◆ **Required work**
Return each line of the data below exactly, omitting any pictures.

--------------------

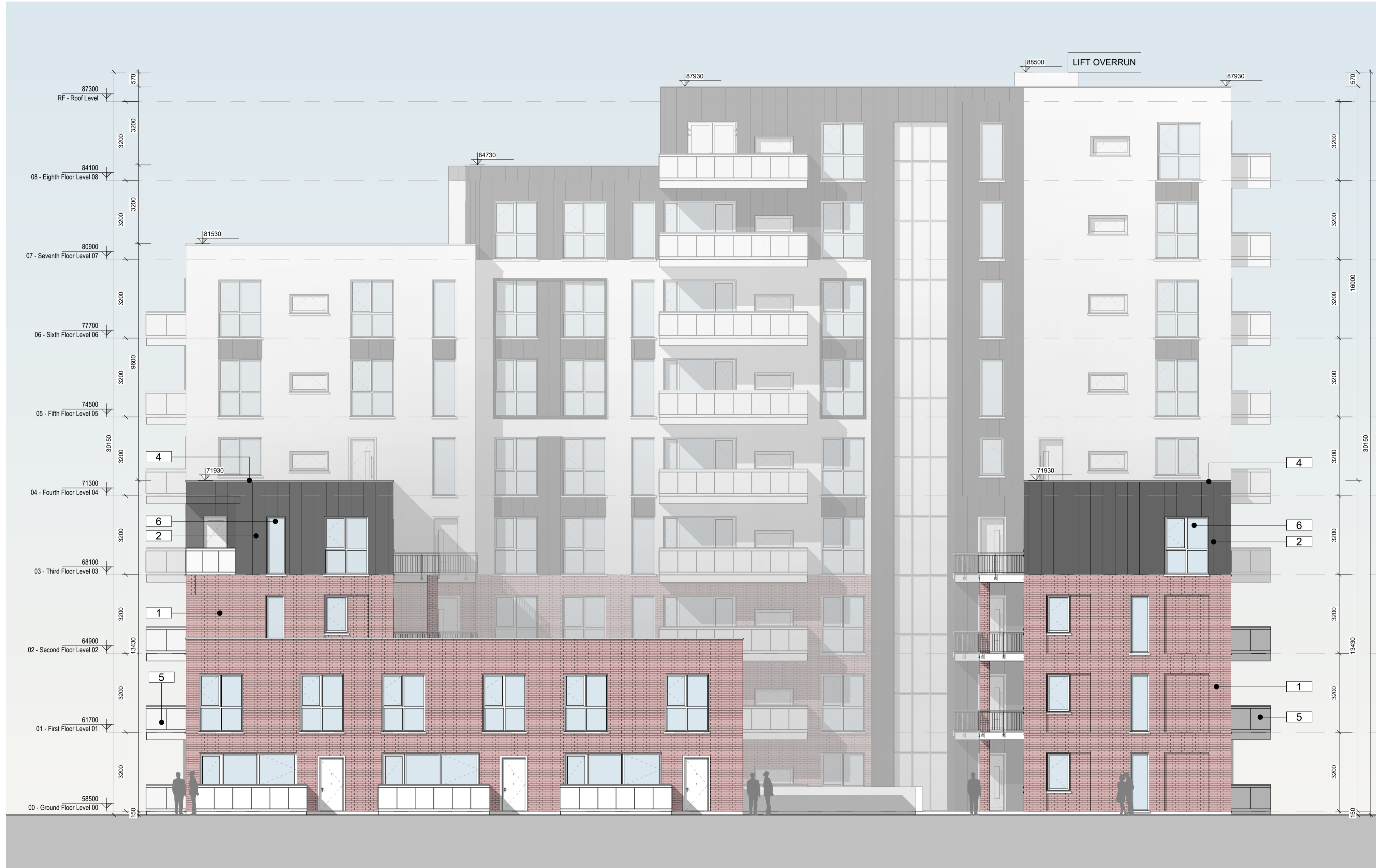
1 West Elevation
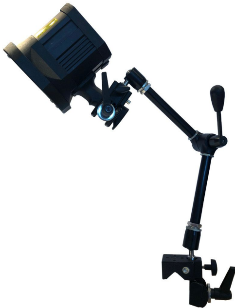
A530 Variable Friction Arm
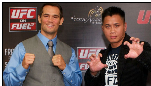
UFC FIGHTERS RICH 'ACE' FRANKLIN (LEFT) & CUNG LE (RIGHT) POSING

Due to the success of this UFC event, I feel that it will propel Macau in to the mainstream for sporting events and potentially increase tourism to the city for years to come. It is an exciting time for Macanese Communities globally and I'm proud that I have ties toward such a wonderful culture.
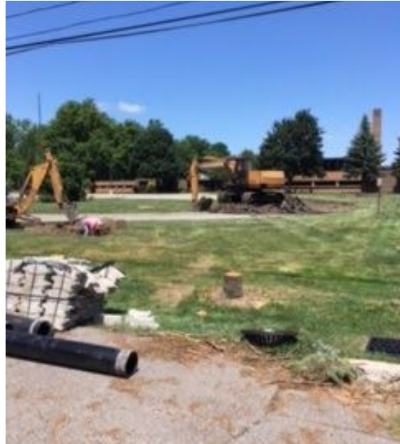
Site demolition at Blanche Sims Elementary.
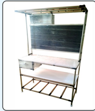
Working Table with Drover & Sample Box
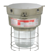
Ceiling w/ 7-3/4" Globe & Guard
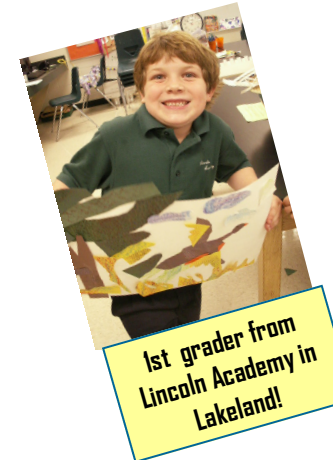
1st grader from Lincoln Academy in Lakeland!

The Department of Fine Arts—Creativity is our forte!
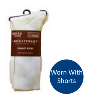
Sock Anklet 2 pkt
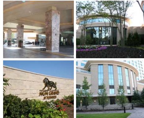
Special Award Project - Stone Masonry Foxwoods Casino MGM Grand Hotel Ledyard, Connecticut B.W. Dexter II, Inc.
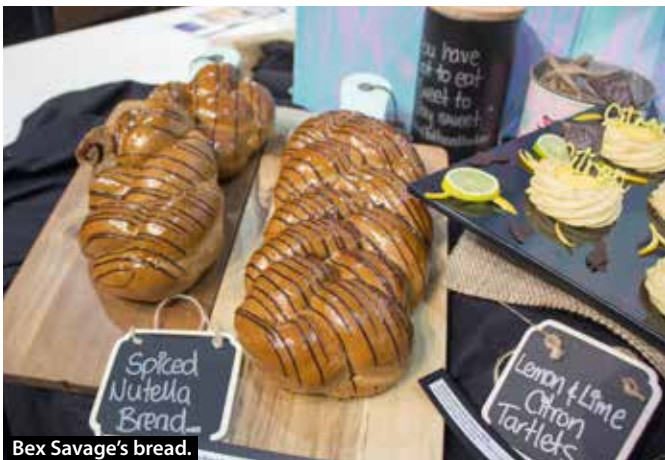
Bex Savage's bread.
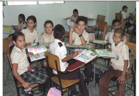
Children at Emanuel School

--------------------

◆ **Solution to the problem**
1 West Elevation
A530 Variable Friction Arm
UFC FIGHTERS RICH 'ACE' FRANKLIN (LEFT) & CUNG LE (RIGHT) POSING

Due to the success of this UFC event, I feel that it will propel Macau in to the mainstream for sporting events and potentially increase tourism to the city for years to come. It is an exciting time for Macanese Communities globally and I'm proud that I have ties toward such a wonderful culture.
Site demolition at Blanche Sims Elementary.
Working Table with Drover & Sample Box
Ceiling w/ 7-3/4" Globe & Guard
1st grader from Lincoln Academy in Lakeland!

The Department of Fine Arts—Creativity is our forte!
Sock Anklet 2 pkt
Special Award Project - Stone Masonry Foxwoods Casino MGM Grand Hotel Ledyard, Connecticut B.W. Dexter II, Inc.
Bex Savage's bread.
Children at Emanuel School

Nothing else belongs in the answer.